=== Dataset content ===

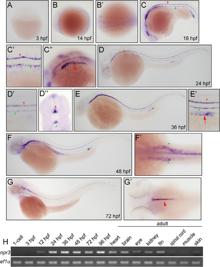 Expression analysis of zebrafish npr3. (A) 3 hpf, lateral view, no staining. (B) 14 hpf, lateral view, weak staining. (B′) 14 hpf, dorsal view, weak staining. (C, C′) 18 hpf, lateral view, red arrowhead indicates floor plate; green arrowhead indicates hypochord. (C″) 18hpf, dorsal view, arrowhead indicates proximal convoluted tubule. (D, D′) 24 hpf, lateral view, red arrowhead indicates floor plate; green arrowhead indicates hypochord. (D″) 24 hpf, the trunk transverse section of the embryos stained with the antisense npr3 probe, red arrowhead indicates floor plate; green arrowhead indicates hypochord. (E, E′) 36 hpf, lateral view, red arrowhead indicates floor plate; green arrowhead indicates hypochord. (F) 48 hpf, lateral view. (F′). 48hpf, lateral view, arrowhead indicates proximal convoluted tubule. (G) 72 hpf, lateral view. (G′) 72 hpf, dorsal view, arrowhead indicates floor plate. (H) Reverse transcriptase-PCR analysis of zebrafish npr3. |
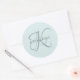 Sticker Rond Monogramme moderne élégant Script Aqua Blue
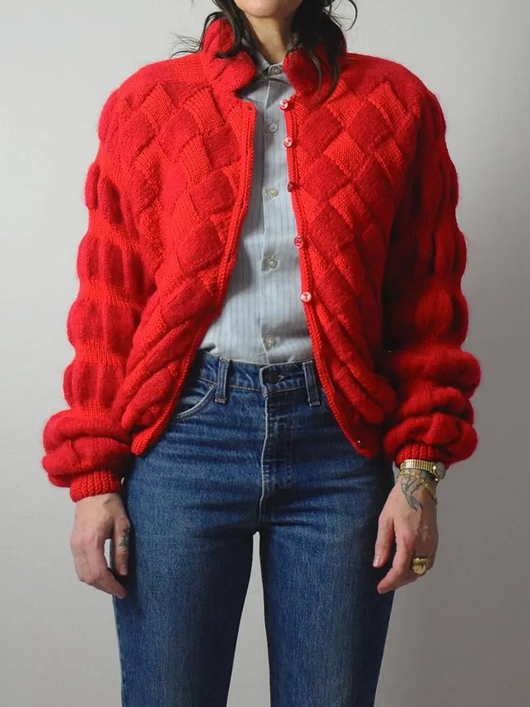 Basketweave Bubble Knit Sweater Jacket
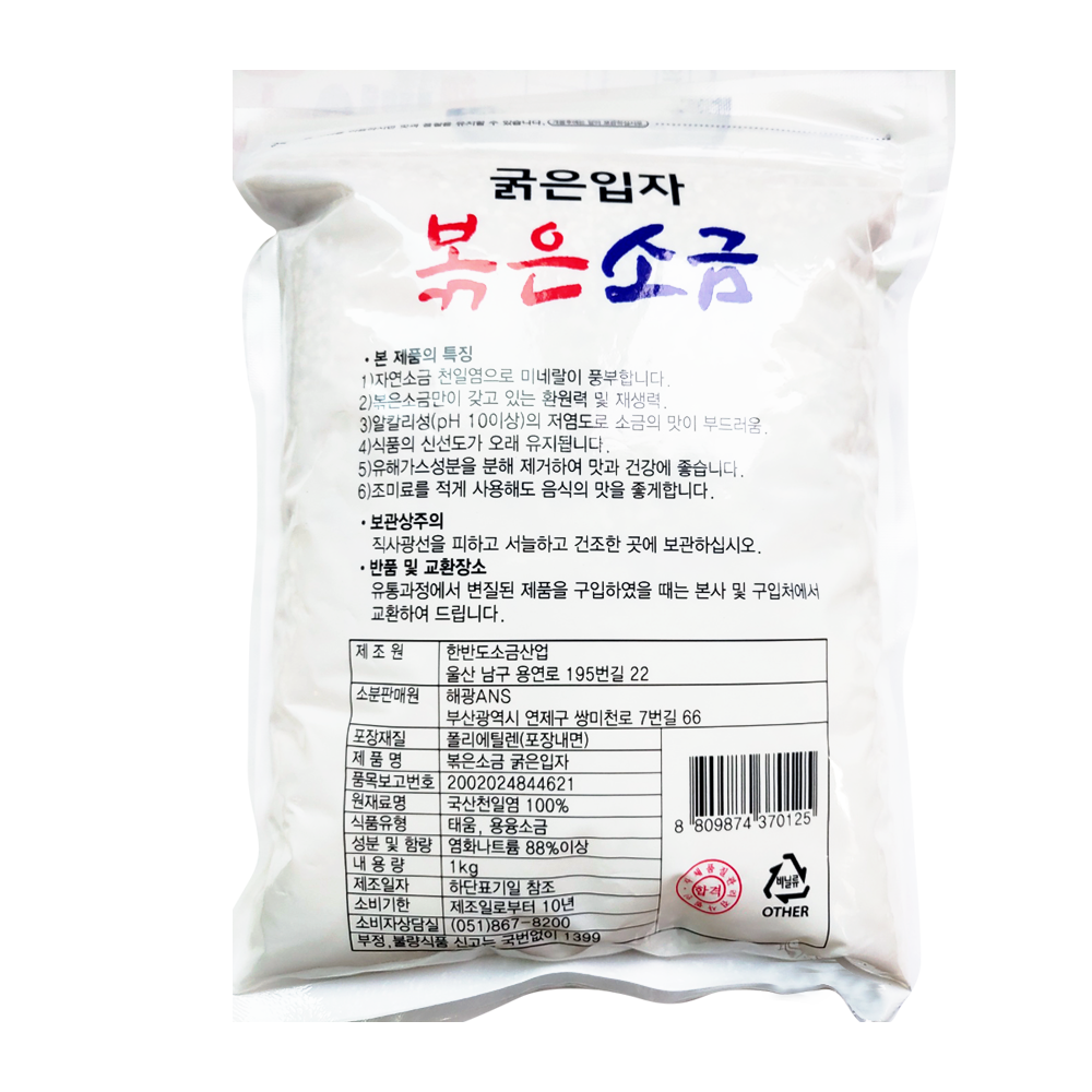 | 제품명 | 국내산 천일염 볶은소금 1kg (굵은입자)/해광ANS |

===

#### What you have to do:
Reproduce the whole listing verbatim and keep all pictures out of it.

#### Task output:
 Expression analysis of zebrafish npr3. (A) 3 hpf, lateral view, no staining. (B) 14 hpf, lateral view, weak staining. (B′) 14 hpf, dorsal view, weak staining. (C, C′) 18 hpf, lateral view, red arrowhead indicates floor plate; green arrowhead indicates hypochord. (C″) 18hpf, dorsal view, arrowhead indicates proximal convoluted tubule. (D, D′) 24 hpf, lateral view, red arrowhead indicates floor plate; green arrowhead indicates hypochord. (D″) 24 hpf, the trunk transverse section of the embryos stained with the antisense npr3 probe, red arrowhead indicates floor plate; green arrowhead indicates hypochord. (E, E′) 36 hpf, lateral view, red arrowhead indicates floor plate; green arrowhead indicates hypochord. (F) 48 hpf, lateral view. (F′). 48hpf, lateral view, arrowhead indicates proximal convoluted tubule. (G) 72 hpf, lateral view. (G′) 72 hpf, dorsal view, arrowhead indicates floor plate. (H) Reverse transcriptase-PCR analysis of zebrafish npr3. |
 Sticker Rond Monogramme moderne élégant Script Aqua Blue
 Basketweave Bubble Knit Sweater Jacket
 | 제품명 | 국내산 천일염 볶은소금 1kg (굵은입자)/해광ANS |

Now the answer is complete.